Production RAG: Hybrid Search with PostgreSQL, pgvector & BM25

October 6, 2025

20 min read

Goh Ling Yong

Technology enthusiast and software architect specializing in AI-driven development tools and modern software engineering practices. Passionate about the intersection of artificial intelligence and human creativity in building tomorrow's digital solutions.

The Achilles' Heel of Pure Semantic Search in RAG

Retrieval-Augmented Generation (RAG) has become a cornerstone for building LLM applications that reason over private or real-time data. The standard architecture—chunking documents, embedding them into vectors, and performing a similarity search to find context for a prompt—is powerful. However, senior engineers deploying these systems into production quickly discover a critical flaw: pure semantic search, typically based on cosine similarity over dense vectors, is often terrible at retrieving information based on specific, literal keywords.

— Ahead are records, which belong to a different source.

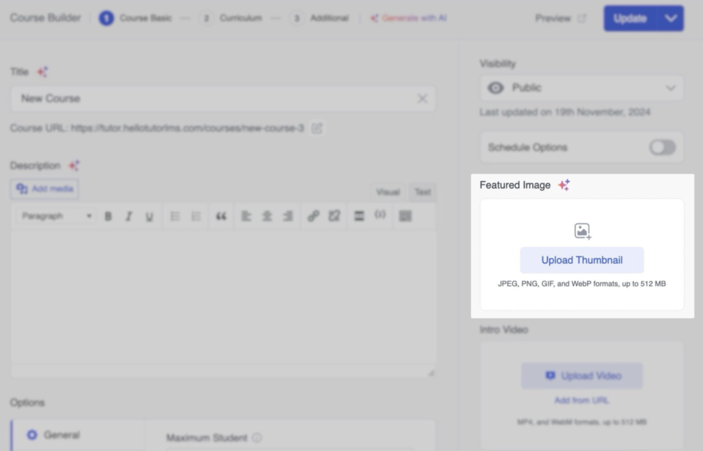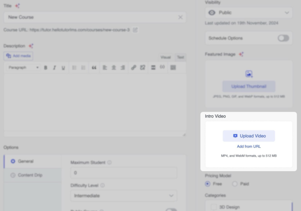 Secțiunea „Intro Video” vă permite să adăugați o introducere video la cursul dumneavoastră. Acest lucru oferă o notă de bun venit și permite potențialilor studenți să aibă o idee despre stilul dvs. de predare și conținutul cursului.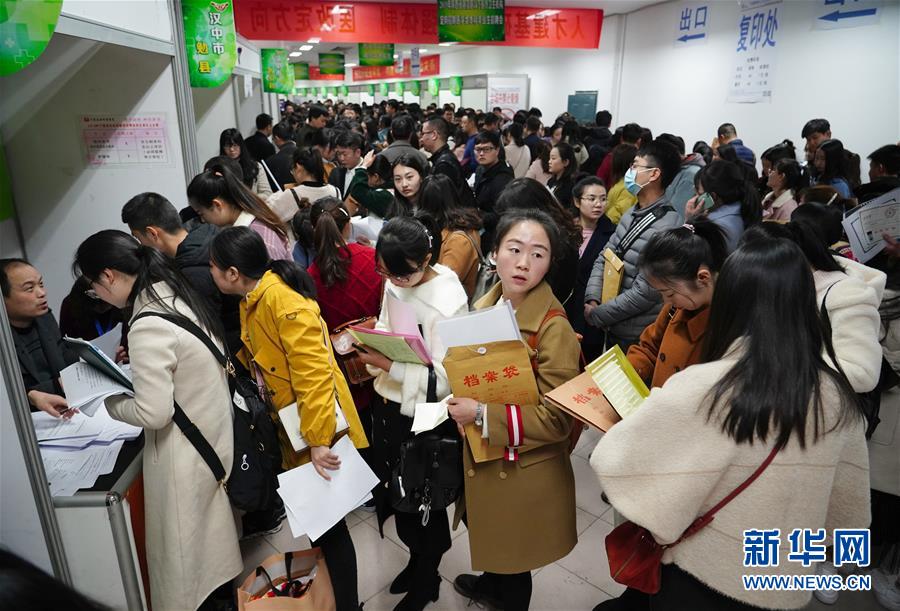 3月10日,求职者在招聘会现场排队应聘。 当日,2019年陕西省县及县以下医疗卫生机构定向招聘医学类本科毕业生招聘会在西安举行。招聘现场提供就业岗位2441个,定向招聘人员除纳入事业单位编制内管理外,还将在工资、保障性住房、晋升等方面按规定给予相关倾斜和优先政策,吸引大量医学毕业生前来应聘。3 新华社记者 邵瑞 摄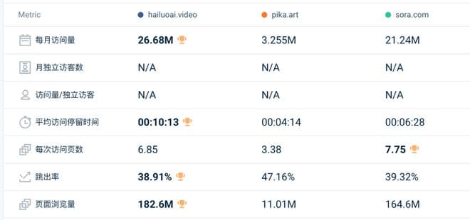 由30余家媒体联合发布的“AI产品榜”曾统计,发布仅一个月,海螺AI的月访问量就大涨了860%。另据SimilarWeb显示,至今海螺AI仍保持着极为优秀的数据表现,全球月访问量、平均访问停留时间、跳出率甚至超越了OpenAI旗下Sora、PIKA等同样知名的视频生成网站。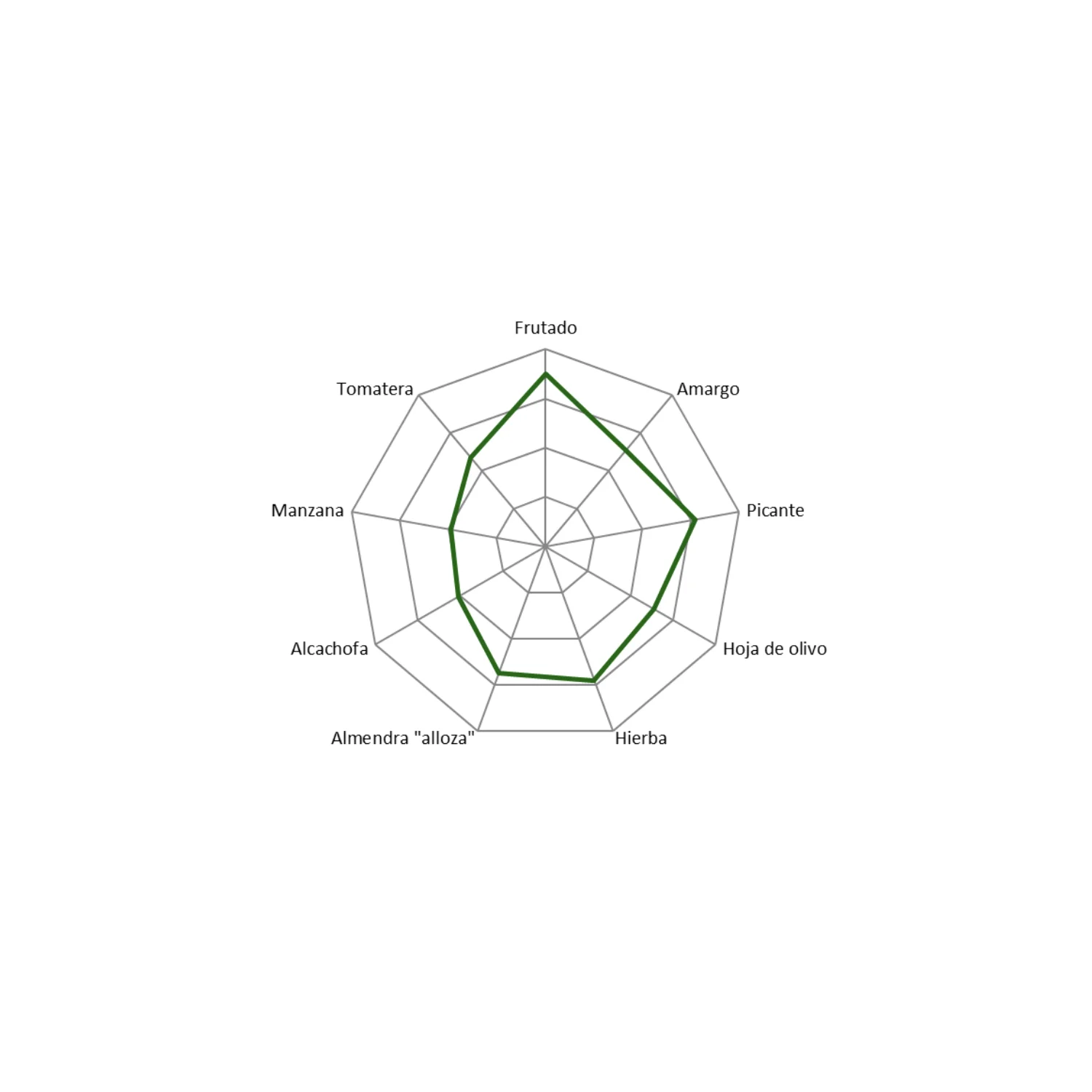 Green olive intense fruity, clean and fragrant. Base note of grass-green flavors, artichoke and almond, mixed with the perfume of fresh green olive fruit, followed by apple and banana fruity notes.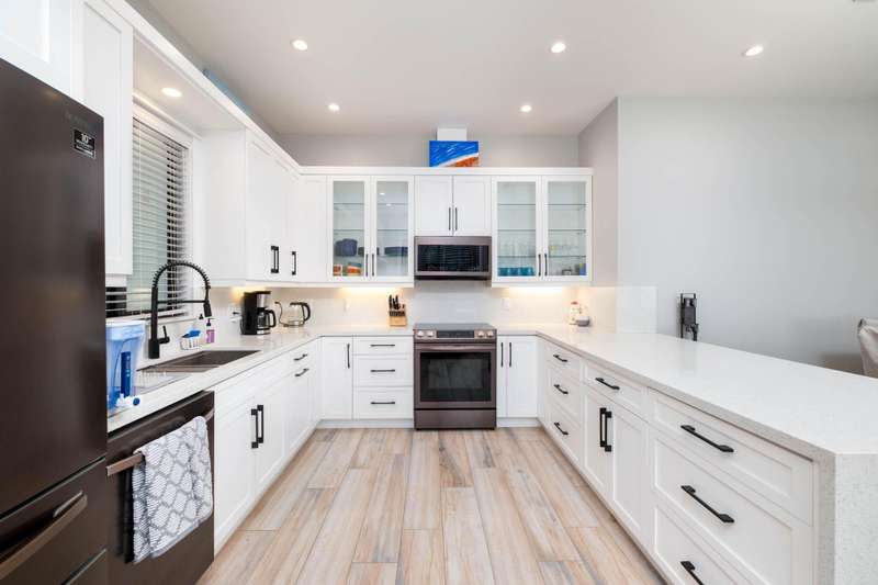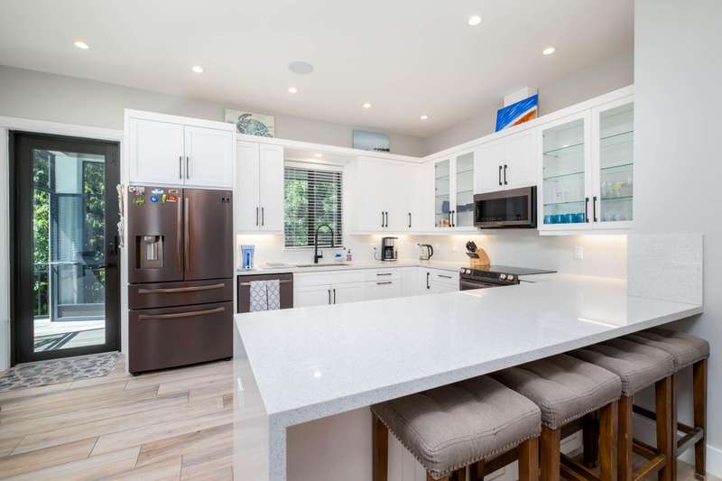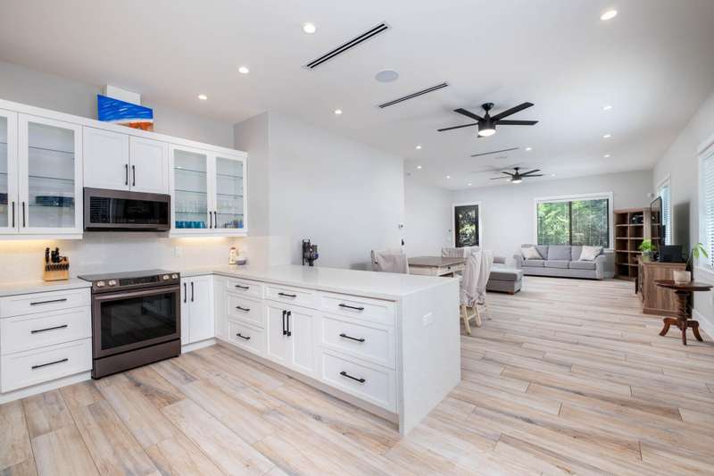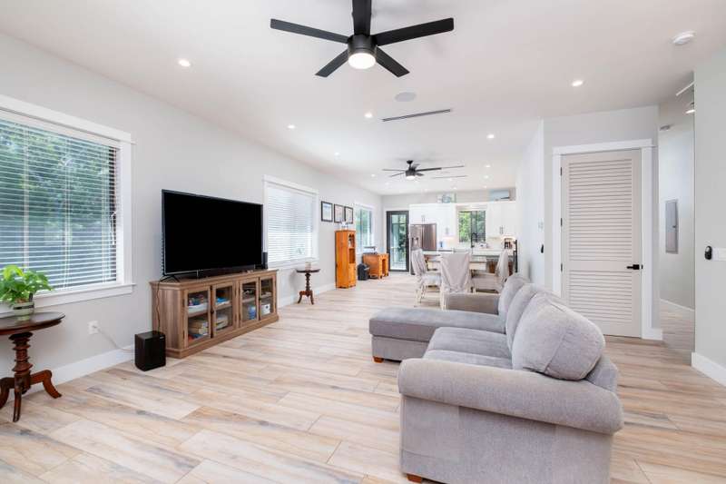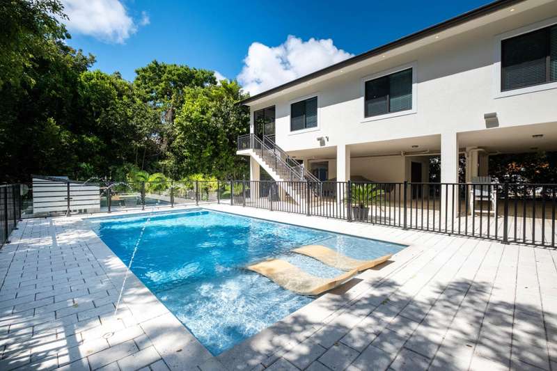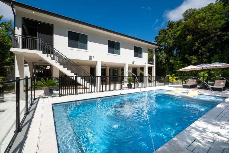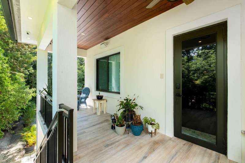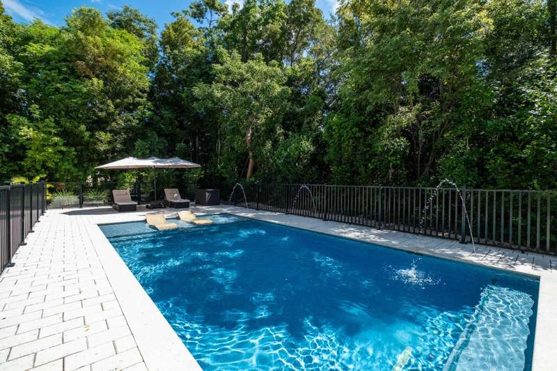 Custom modern 3/2 newer CBS home built in 2019 on oversized 15,000+ sq ft lot. This home has a great layout, with porcelain tile thru out, waterfall quartz countertop, all stainless steel appliances. lots of storage. The 15 x 30 pool has a diamond bright finish, with waterfall feature, surrounded by conservation easement, feeling like your in your own private oasis. 2 sets of exterior stairs each with a wide porch. Rear porch is screened. Twin Lakes has a boat ramp for smaller boats; no more than a 24-26 ft.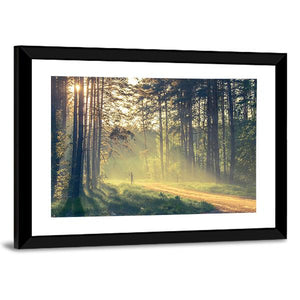 This artwork captures a serene forest path bathed in soft sunlight. The ethereal scene features sunbeams breaking through the mist, creating a peaceful atmosphere that invites reflection.

Consider queries involving:

* Product SKUs: ABC-XT-2024

* Error Codes: 0x80070005

* Specific Names or Acronyms: Project Calypso or GDPR

* Technical Identifiers: CVE-2023-4863

An embedding model, trained to capture semantic meaning, might map CVE-2023-4863 and a critical Chrome vulnerability to similar locations in the vector space. But if the user queries for the exact identifier, a pure vector search might fail to rank the document containing that exact string at the very top, especially if other documents discuss vulnerabilities in a semantically similar way. This is a relevance disaster in production.

Let's illustrate with a concrete, albeit simplified, example. Imagine our knowledge base contains these two text chunks:

"The investigation into the 'Heimdall' security incident (ref: HMDL-2024-01) revealed a buffer overflow vulnerability. The patch was released in Q3."

"A critical security flaw was discovered in our primary authentication service, leading to a widespread system compromise. This event highlighted the need for better memory safety protocols."

A user query details on incident HMDL-2024-01 should unequivocally return chunk #1. However, a standard sentence-transformer model might see strong semantic overlap between the query and chunk #2 (both discuss "security incidents" and "vulnerabilities"). The specific, keyword-like nature of HMDL-2024-01 can be diluted.

python

# Simplified demonstration of the problem
from sentence_transformers import SentenceTransformer, util

model = SentenceTransformer('all-MiniLM-L6-v2')

chunks = [
    "The investigation into the 'Heimdall' security incident (ref: HMDL-2024-01) revealed a buffer overflow vulnerability. The patch was released in Q3.",
    "A critical security flaw was discovered in our primary authentication service, leading to a widespread system compromise. This event highlighted the need for better memory safety protocols.",
    "Quarterly budget report for the platform engineering team shows increased spending on monitoring tools."
]

query = "details on incident HMDL-2024-01"

# Encode chunks and query
chunk_embeddings = model.encode(chunks, convert_to_tensor=True)
query_embedding = model.encode(query, convert_to_tensor=True)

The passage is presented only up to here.